_Task statement_. What needs reproducing is the run of lines in the data below starting at the line with "1、武将养成:玩家可以通过招" and ending at the line with "Below is a breakdown", both ends included. Copy it exactly, without pictures, and add nothing.

_Material shown_.
.....
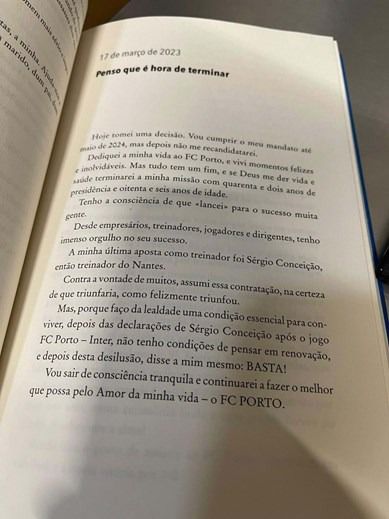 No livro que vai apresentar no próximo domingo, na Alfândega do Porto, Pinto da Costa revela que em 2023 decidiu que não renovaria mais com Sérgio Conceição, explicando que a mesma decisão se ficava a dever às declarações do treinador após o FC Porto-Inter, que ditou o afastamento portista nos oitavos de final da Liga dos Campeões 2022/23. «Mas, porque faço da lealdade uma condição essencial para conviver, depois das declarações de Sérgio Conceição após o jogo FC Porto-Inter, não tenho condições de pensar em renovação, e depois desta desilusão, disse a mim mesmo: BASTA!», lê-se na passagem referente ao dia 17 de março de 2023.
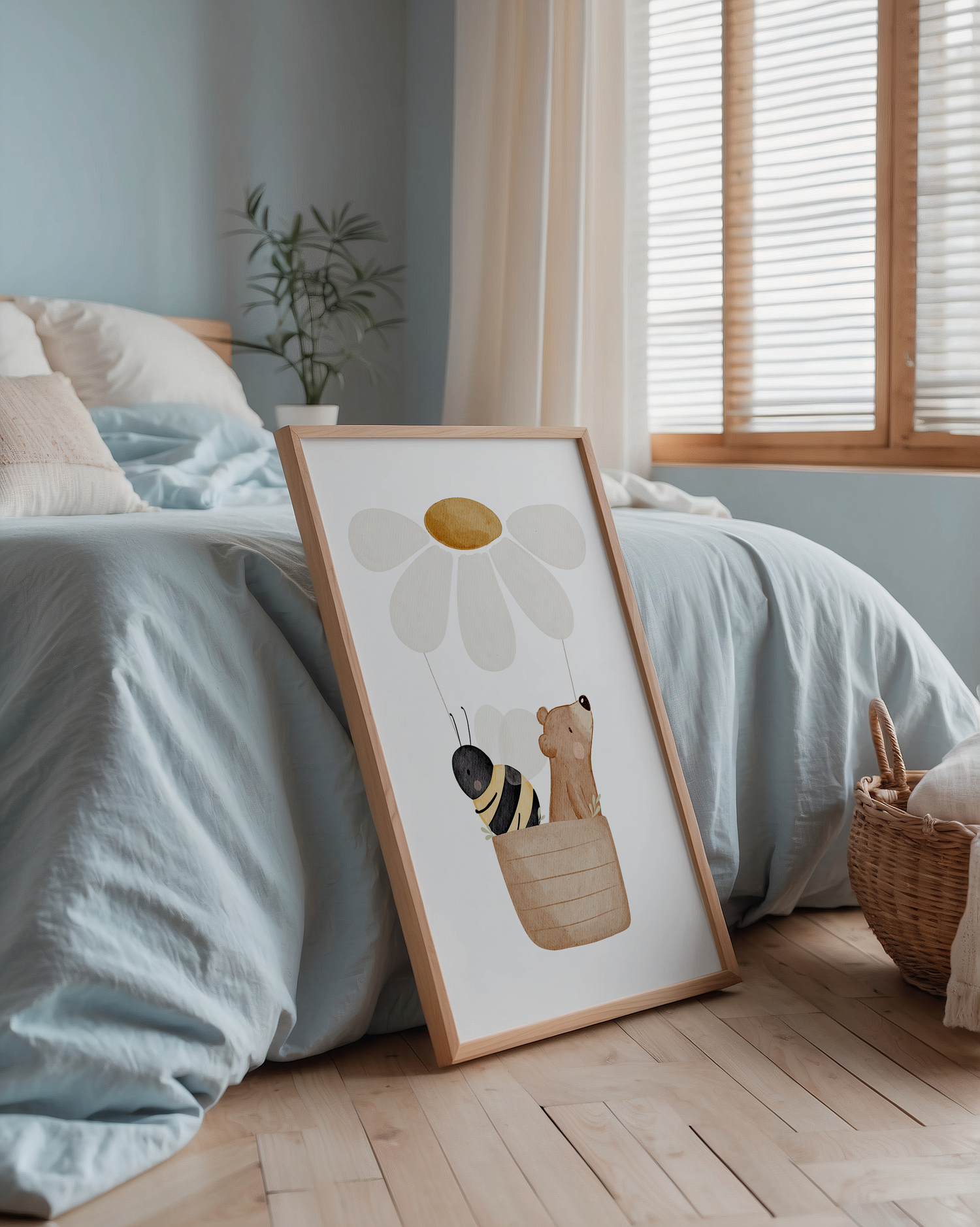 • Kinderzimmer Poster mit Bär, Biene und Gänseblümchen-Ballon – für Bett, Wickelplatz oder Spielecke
.....
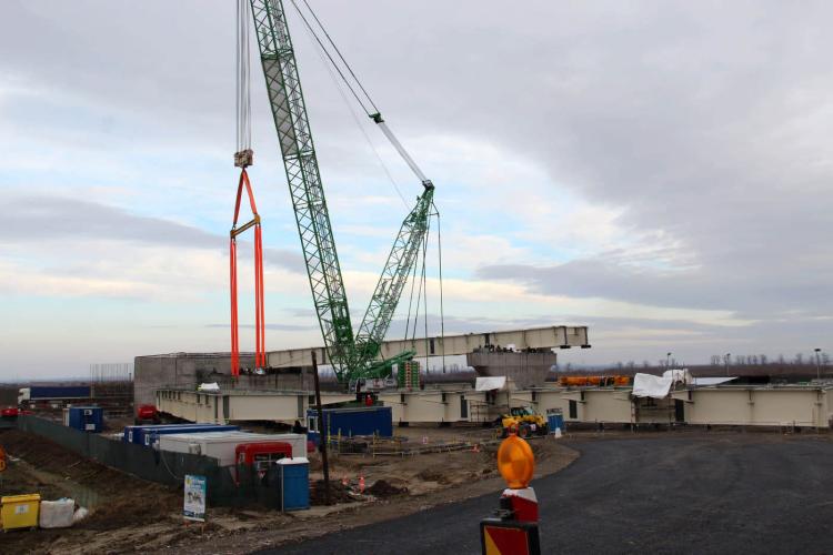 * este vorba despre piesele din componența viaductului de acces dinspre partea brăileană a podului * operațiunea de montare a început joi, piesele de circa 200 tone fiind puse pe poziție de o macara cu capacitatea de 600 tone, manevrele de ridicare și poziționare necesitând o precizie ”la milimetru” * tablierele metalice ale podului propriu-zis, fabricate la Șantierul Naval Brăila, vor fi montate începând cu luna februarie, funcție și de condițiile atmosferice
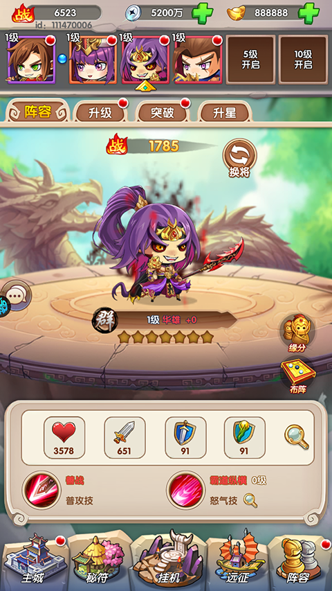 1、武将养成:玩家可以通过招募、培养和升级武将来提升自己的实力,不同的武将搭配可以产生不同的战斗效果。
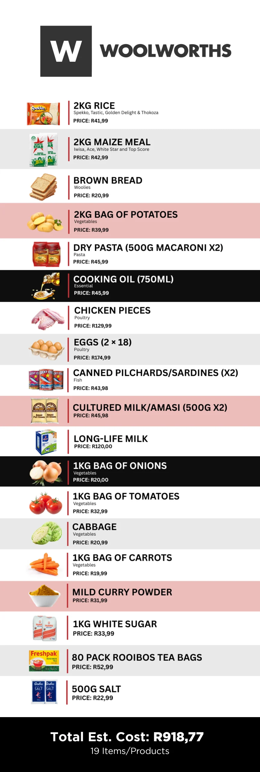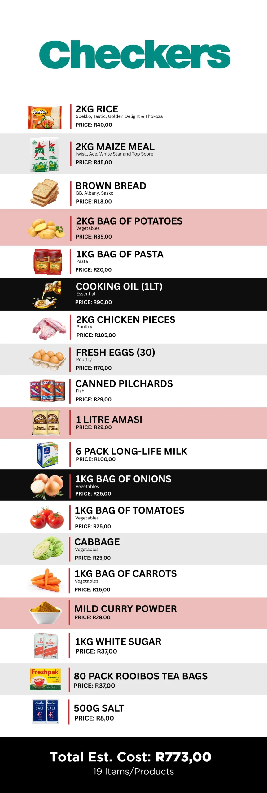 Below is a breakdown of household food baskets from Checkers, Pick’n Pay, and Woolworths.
.....
_Task solution_.
 1、武将养成:玩家可以通过招募、培养和升级武将来提升自己的实力,不同的武将搭配可以产生不同的战斗效果。
 Below is a breakdown of household food baskets from Checkers, Pick’n Pay, and Woolworths.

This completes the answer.